Unnamed: 0,RowID,OrderID,OrderDate,ShipDate,ShipMode,CustomerID,CustomerName,Segment,Country,City,State,PostalCode,Region,ProductID,Category,SubCategory,ProductName,Sales,Quantity,Discount,Profit,Revenue,NetPrice
0,1,CA-2017-152156,2017-11-08,2017-11-11,Second Class,CG-12520,Claire Gute,Consumer,United States,Henderson,Kentucky,42420.0,South,FUR-BO-10001798,Furniture,Bookcases,Bush Somerset Collection Bookcase,261.96,2.0,0.0,41.9136,220.0464,89.0664
1,2,CA-2017-152156,2017-11-08,2017-11-11,Second Class,CG-12520,Claire Gute,Consumer,United States,Henderson,Kentucky,42420.0,South,FUR-CH-10000454,Furniture,Chairs,"Hon Deluxe Fabric Upholstered Stacking Chairs,...",731.94,3.0,0.0,219.582,512.358,97.592
2,3,CA-2017-138688,2017-06-12,2017-06-16,Second Class,DV-13045,Darrin Van Huff,Corporate,United States,Los Angeles,California,90036.0,West,OFF-LA-10000240,Office Supplies,Labels,Self-Adhesive Address Labels for Typewriters b...,14.62,2.0,0.0,6.8714,7.7486,0.4386


In [5]:
# Let's print the columns (features) names.
df_cleaning.columns

Index(['RowID', 'OrderID', 'OrderDate', 'ShipDate', 'ShipMode', 'CustomerID',
       'CustomerName', 'Segment', 'Country', 'City', 'State', 'PostalCode',
       'Region', 'ProductID', 'Category', 'SubCategory', 'ProductName',
       'Sales', 'Quantity', 'Discount', 'Profit', 'Revenue', 'NetPrice'],
      dtype='object')

In [6]:
# Let's print the columns data types.
df_cleaning.dtypes

RowID         int64
OrderID      object
             ...   
Revenue     float64
NetPrice    float64
Length: 23, dtype: object

## Grouping Coloumn
### So let's try to do some data grouping based on column

- *df_cleaning[['Sales', 'Quantity']] = This command would get the column *'Sales'* & *'Quantity'*
- .groupby(['Sales'],  as_index=False) = And group them by the Sales column, but don't use any Index, as it indicate by the 'False'
- .*mean()*  =  get the mean value from each row.
- .sort_values(by='Quantity', ascending=True)* =  and sort them by quantity value, ascending.

In [7]:
df_cleaning[['Sales','Quantity','Profit']].groupby(['Profit'],as_index=True).sum().sort_values(by='Quantity',ascending=True)

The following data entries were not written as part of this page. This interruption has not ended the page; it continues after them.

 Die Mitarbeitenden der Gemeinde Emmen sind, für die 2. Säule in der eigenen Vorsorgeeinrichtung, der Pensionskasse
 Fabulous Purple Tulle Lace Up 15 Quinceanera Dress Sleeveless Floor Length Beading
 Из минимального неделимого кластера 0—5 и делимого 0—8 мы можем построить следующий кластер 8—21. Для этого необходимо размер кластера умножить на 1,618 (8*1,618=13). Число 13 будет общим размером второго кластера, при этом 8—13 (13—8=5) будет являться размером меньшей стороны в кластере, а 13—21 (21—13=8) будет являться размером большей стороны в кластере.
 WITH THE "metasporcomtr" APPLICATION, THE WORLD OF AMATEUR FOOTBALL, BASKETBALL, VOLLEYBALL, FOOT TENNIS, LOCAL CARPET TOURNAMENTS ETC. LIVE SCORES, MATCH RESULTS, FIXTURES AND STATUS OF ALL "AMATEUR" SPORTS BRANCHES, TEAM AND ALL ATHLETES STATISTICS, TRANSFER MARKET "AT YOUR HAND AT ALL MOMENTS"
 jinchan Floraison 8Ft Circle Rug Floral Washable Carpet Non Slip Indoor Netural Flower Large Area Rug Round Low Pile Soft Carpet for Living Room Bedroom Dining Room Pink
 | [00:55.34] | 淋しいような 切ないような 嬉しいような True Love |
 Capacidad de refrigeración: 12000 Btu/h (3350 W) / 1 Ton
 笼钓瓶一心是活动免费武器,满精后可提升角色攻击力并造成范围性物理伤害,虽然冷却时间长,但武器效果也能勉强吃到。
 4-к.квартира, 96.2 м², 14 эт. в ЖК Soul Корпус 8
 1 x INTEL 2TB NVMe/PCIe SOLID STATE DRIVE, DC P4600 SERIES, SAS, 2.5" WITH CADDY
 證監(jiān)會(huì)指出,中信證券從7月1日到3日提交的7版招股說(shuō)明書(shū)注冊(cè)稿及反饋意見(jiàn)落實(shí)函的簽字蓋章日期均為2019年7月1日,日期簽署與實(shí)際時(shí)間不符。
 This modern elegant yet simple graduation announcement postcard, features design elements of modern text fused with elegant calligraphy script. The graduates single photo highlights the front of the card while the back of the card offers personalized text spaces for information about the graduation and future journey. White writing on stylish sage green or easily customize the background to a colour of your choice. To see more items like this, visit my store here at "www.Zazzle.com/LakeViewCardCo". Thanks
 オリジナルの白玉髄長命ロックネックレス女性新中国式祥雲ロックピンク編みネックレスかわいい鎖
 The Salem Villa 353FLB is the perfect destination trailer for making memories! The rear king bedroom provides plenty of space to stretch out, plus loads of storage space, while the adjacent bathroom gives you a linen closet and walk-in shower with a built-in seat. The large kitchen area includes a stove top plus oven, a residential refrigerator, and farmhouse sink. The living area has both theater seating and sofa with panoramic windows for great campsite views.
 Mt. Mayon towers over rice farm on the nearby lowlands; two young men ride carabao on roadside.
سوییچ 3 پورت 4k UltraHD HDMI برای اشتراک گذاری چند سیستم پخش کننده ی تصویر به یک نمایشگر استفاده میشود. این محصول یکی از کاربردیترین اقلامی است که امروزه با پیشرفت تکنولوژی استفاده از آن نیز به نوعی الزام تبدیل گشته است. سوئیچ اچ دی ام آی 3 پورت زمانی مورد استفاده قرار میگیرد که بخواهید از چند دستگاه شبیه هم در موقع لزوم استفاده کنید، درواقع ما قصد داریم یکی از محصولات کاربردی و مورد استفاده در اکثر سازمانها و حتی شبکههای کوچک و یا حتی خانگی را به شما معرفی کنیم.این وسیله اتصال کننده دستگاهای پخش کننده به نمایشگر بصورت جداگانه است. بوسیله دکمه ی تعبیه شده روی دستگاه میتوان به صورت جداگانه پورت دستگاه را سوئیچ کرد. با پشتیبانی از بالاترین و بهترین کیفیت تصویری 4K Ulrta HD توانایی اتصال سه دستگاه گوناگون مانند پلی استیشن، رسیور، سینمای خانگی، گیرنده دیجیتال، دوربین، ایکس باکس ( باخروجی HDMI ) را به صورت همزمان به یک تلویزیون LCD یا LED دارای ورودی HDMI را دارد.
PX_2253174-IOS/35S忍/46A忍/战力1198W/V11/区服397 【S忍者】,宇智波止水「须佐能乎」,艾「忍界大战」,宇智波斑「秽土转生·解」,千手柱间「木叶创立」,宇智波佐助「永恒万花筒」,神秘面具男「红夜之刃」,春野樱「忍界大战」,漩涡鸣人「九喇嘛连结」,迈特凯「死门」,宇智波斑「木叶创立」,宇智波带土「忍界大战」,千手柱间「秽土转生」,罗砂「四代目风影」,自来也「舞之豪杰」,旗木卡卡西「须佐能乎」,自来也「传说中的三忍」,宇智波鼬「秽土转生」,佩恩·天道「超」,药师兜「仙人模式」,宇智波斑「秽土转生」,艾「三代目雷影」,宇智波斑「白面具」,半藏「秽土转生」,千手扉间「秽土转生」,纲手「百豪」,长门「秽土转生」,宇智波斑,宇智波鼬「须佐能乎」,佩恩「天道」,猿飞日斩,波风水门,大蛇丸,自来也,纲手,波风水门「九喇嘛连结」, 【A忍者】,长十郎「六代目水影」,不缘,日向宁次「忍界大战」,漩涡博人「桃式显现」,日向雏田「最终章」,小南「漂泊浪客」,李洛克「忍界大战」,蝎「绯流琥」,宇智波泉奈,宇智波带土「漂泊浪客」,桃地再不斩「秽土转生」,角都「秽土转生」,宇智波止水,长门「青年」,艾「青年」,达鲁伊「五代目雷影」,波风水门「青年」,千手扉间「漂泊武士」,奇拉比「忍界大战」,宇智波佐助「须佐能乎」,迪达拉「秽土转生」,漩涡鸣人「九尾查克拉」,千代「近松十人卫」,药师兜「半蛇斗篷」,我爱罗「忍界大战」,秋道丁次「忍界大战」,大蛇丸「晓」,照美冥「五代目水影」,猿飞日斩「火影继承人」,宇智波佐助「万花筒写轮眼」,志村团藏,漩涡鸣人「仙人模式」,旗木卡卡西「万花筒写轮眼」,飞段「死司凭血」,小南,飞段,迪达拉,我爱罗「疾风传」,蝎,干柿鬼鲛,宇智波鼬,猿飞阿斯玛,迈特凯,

Unnamed: 0_level_0,Sales,Quantity
Profit,Unnamed: 1_level_1,Unnamed: 2_level_1
1.8872,13.480,1.0
4.4610,29.740,1.0
...,...,...
15.5520,842.400,130.0
0.0000,27686.847,255.0


In [8]:
# Create a parameter so that we can save them to a CSV format.

df_cleaning_groupby_salesQuantityProfit = df_cleaning[['Sales','Quantity','Profit']].groupby(['Profit'],as_index=True).sum().sort_values(by='Quantity',ascending=True)

In [9]:
# Create a parameter so that we can save them to a CSV format.

df_cleaning_groupby_salesQuantityProfit.to_csv('df_cleaning_groupby_salesQuantityProfit.csv', index = False)

In [10]:
# Let's try to call them with the parameter name instead.

df_cleaning_groupby_salesQuantityProfit

Unnamed: 0_level_0,Sales,Quantity
Profit,Unnamed: 1_level_1,Unnamed: 2_level_1
1.8872,13.480,1.0
4.4610,29.740,1.0
...,...,...
15.5520,842.400,130.0
0.0000,27686.847,255.0


### So let's try to do some data grouping based on column

- *df_cleaning[['Sales', 'Discount']] = This command would get the column *'Sales'* & *'Discount'*
- .groupby(['Sales'],  as_index=True) = And group them by the Sales column, but don't use any Index, as indicate by the 'True' parameter
- .*sum()*  =  get the mean value from each row.
- .sort_values(by='Discount', ascending=False)* =  and sort them by quantity value, descending.

In [11]:
df_cleaning[['Sales', 'Discount']].groupby(['Sales'], as_index=True).sum().sort_values(by='Discount', ascending=False)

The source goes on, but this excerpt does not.